According to Celsus (in Origen, "Contra Celsum," i. 28) and to the Talmud (Shab. 104b), Jesus learned magic in Egypt and performed his miracles by means of it; the latter work, in addition, states that he cut the magic formulas into his skin. It does not mention, however, the nature of his magic performances (Tosef., Shab. xi. 4; Yer. Shab. 13d); but as it states that the disciples of Jesus healed the sick "in the name of Jesus Pandera" (Yer. Shab. 14d; 'Ab. Zarah 27b; Eccl. R. i. 8) it may be assumed that its author held the miracles of Jesus also to have been miraculous cures.

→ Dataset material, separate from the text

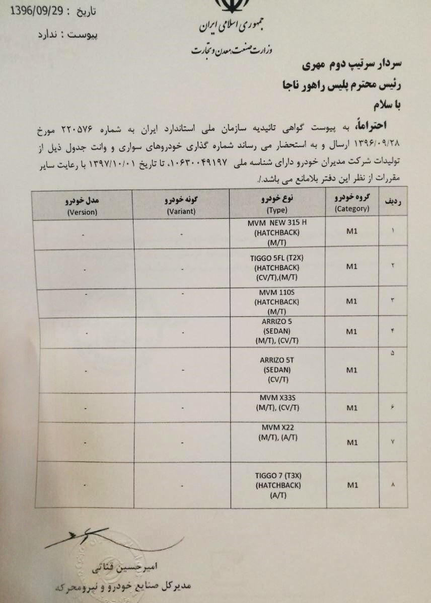 شایان ذکر است طبق اطلاعات ضمیمه کلیه محصولات شرکت مدیران خودرو در دو برند امویام و چری دارای کلیه استانداردهای لازم بوده و پلاک میگردند".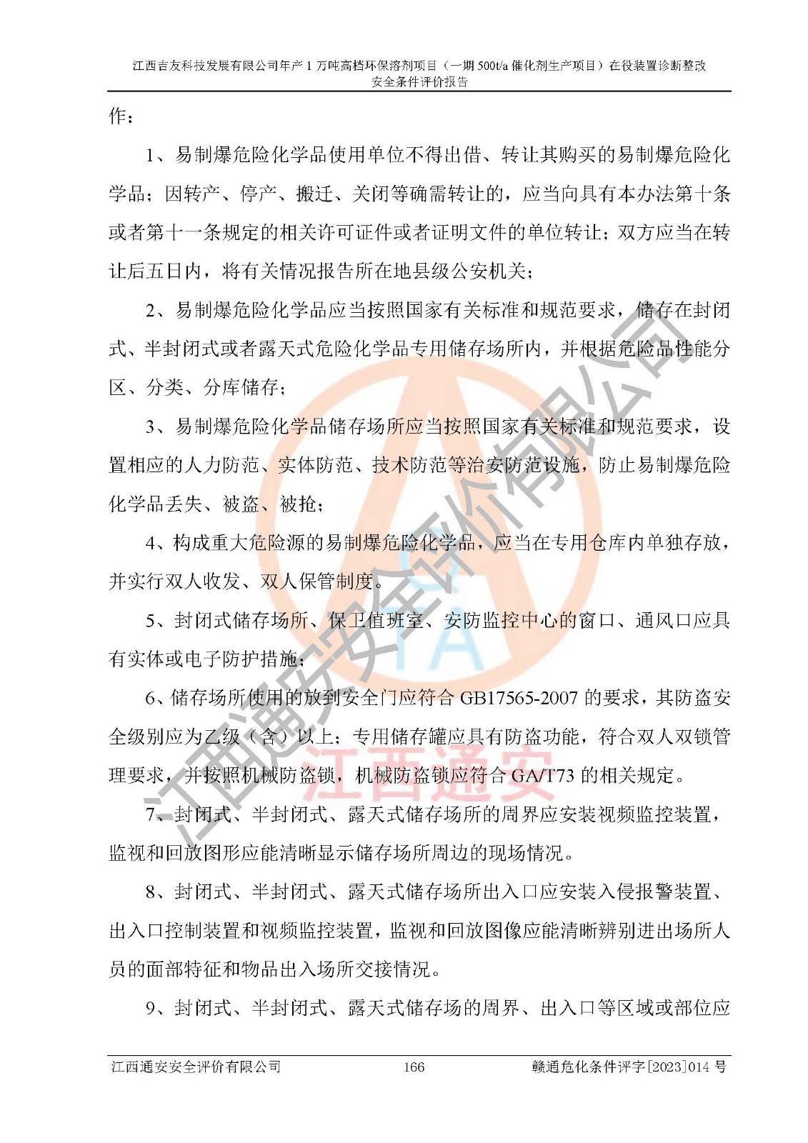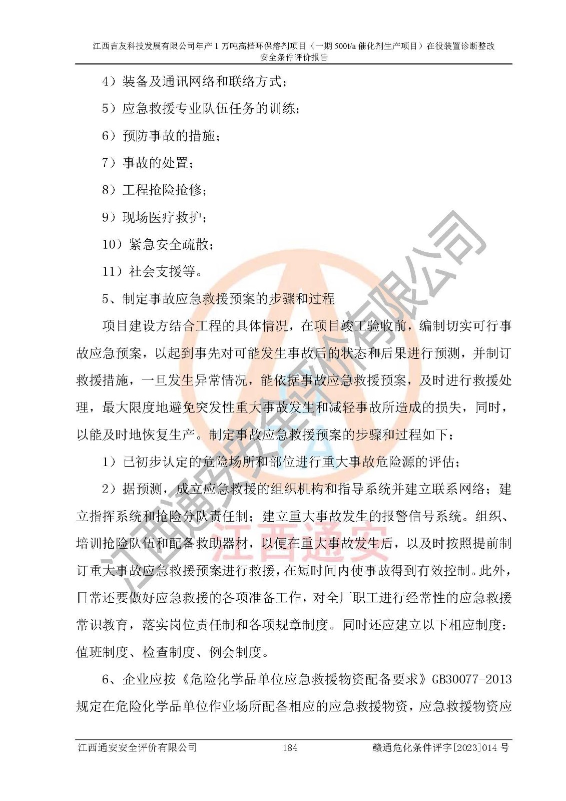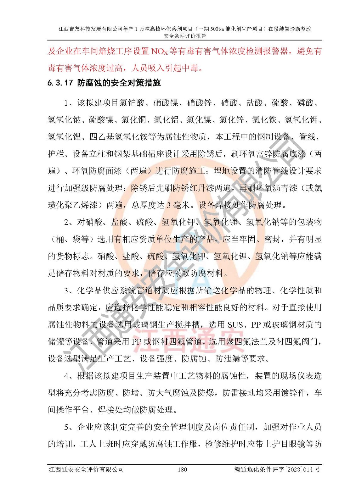 评价报告名称 | 江西吉友科技发展有限公司年产1万吨高档**溶剂项目(一期500t/a催化剂生产项目)在役装置诊断整改安全条件评价报告 | |||

Different in nature is the witchcraft attributed to Jesus in the "Toledot." When Jesus was expelled from the circle of scholars, he is said to have returned secretly from Galilee to Jerusalem, where he inserted a parchment containing the "declared name of God" ("Shem ha-Meforash"), which was guarded in the Temple, into his skin, carried it away, and then, taking it out of his skin, he performed his miracles by its means. This magic formula then had to be recovered from him, and Judah the Gardener (a personage of the "Toledot" corresponding to Judas Iscariot) offered to do it; he and Jesus then engaged in an aerial battle (borrowed from the legend of Simon Magus), in which Judah remained victor and Jesus fled.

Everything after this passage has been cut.